Illegal Drugs Are Legal In This City Only One Hour From Boise
Our old friends at the New York Times are at it again. The paper of record recently published an intensive article detailing the boom in the sale of legal marijuana in Ontario, Oregon. The report again reviews how many Idahoans break state and federal law by buying weed in Oregon.
The dilemma is not a new one for Idahoans who value their own individual individualism and personal freedom. Several Republicans, the state's most dominant political party, have expressed publicly and privately the need to allow marijuana legalization in the Gem State.

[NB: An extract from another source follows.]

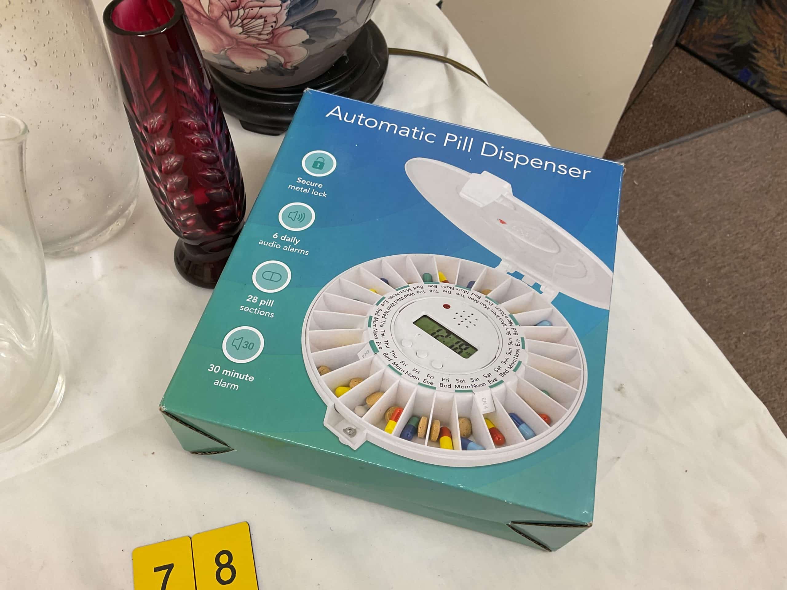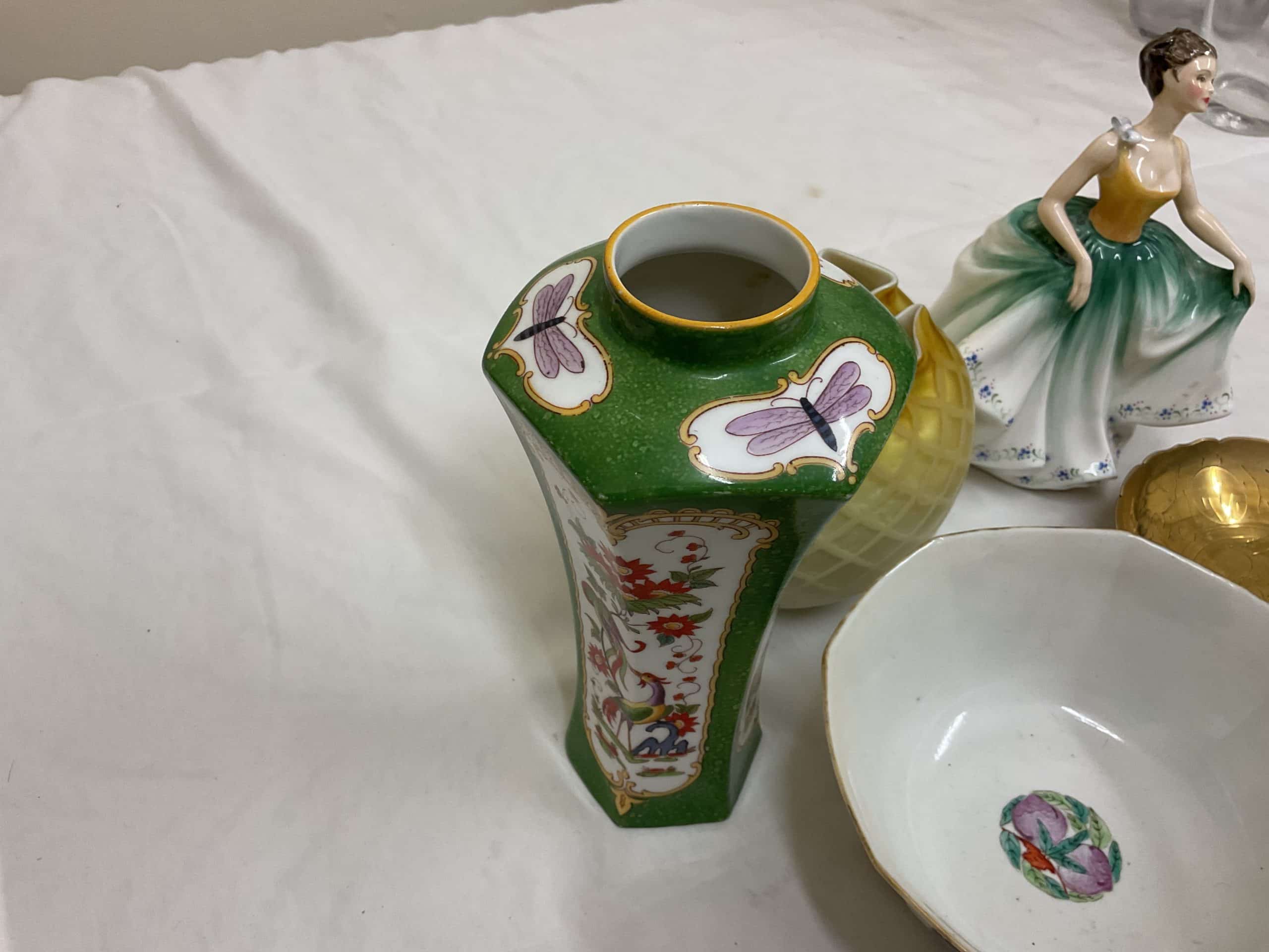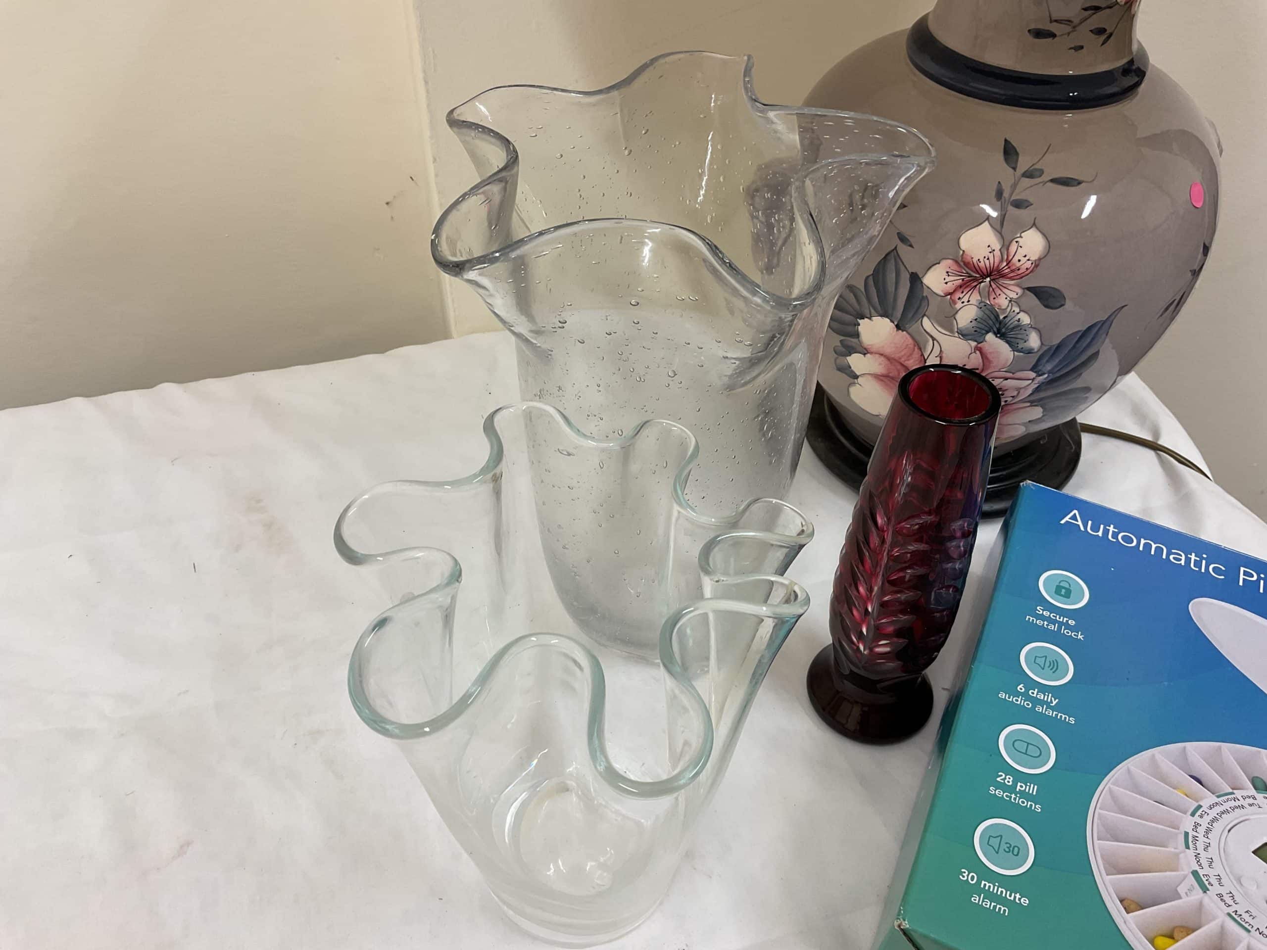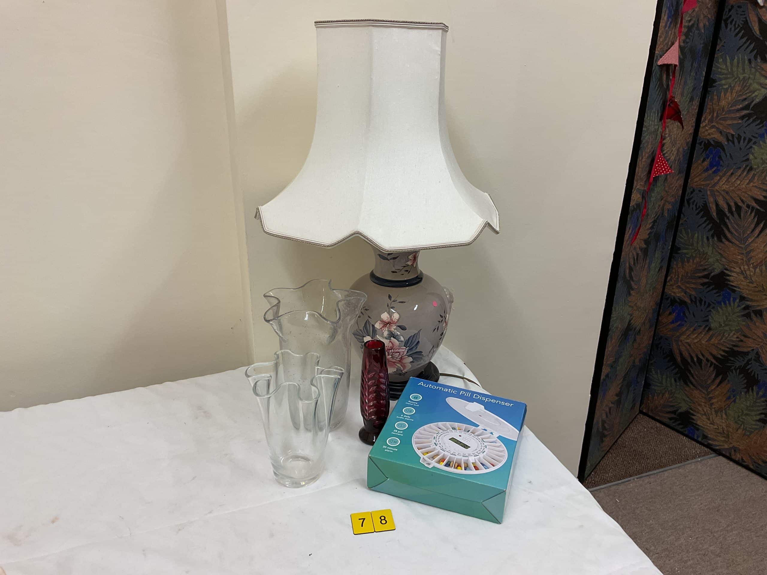 Mixed Lot mixture of glassware, Lamp, pill organiser / dispenser, various ceramics, mirror, large vase, small green vase, metal pin dish, figurine
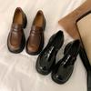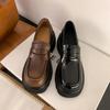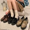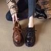 Zapatos de Mujer de Piel Genuina de Punta Redonda y Suela Gruesa Primavera 2025 Flats de Piel de Vacuno de Primera Capa Tacón de Plataforma Zapatos Casuales de Tacón Alto para Mujer

The New York Times shares that Oregon's move to mainstream marijuana was lucrative. Ontario's first year of legal marijuana brought in $1.8 million and rose another sixty-five percent the following year.
Boise City Councilman Patrick Bageant expressed his pro-pot position to the New York Times. "Legalizing marijuana can help bring in different forms of cash," Mr. Bageant said. "Just look around the country — we as a state should be more forward-looking."
However, what isn't reported is how the legalization of marijuana has caused more crime, drug addiction, and the closing of several businesses in Ontario.
Idaho is the only state in the union that has not legalized marijuana. Idaho Governor Brad Little stated that he was not the governor who would legalize marijuana. There have been several efforts both at the legislative level along with talks of public referendums. All efforts have failed to move out of a committee or get the number of signatures to move the needle.
Several law enforcement officers working on the Idaho/Oregon border tell us they pride themselves in keeping Idaho drug-free. The federal government may not enforce federal law, which allows states to legalize weed without penalty, but dispensary owners cannot use banks or file federal taxes.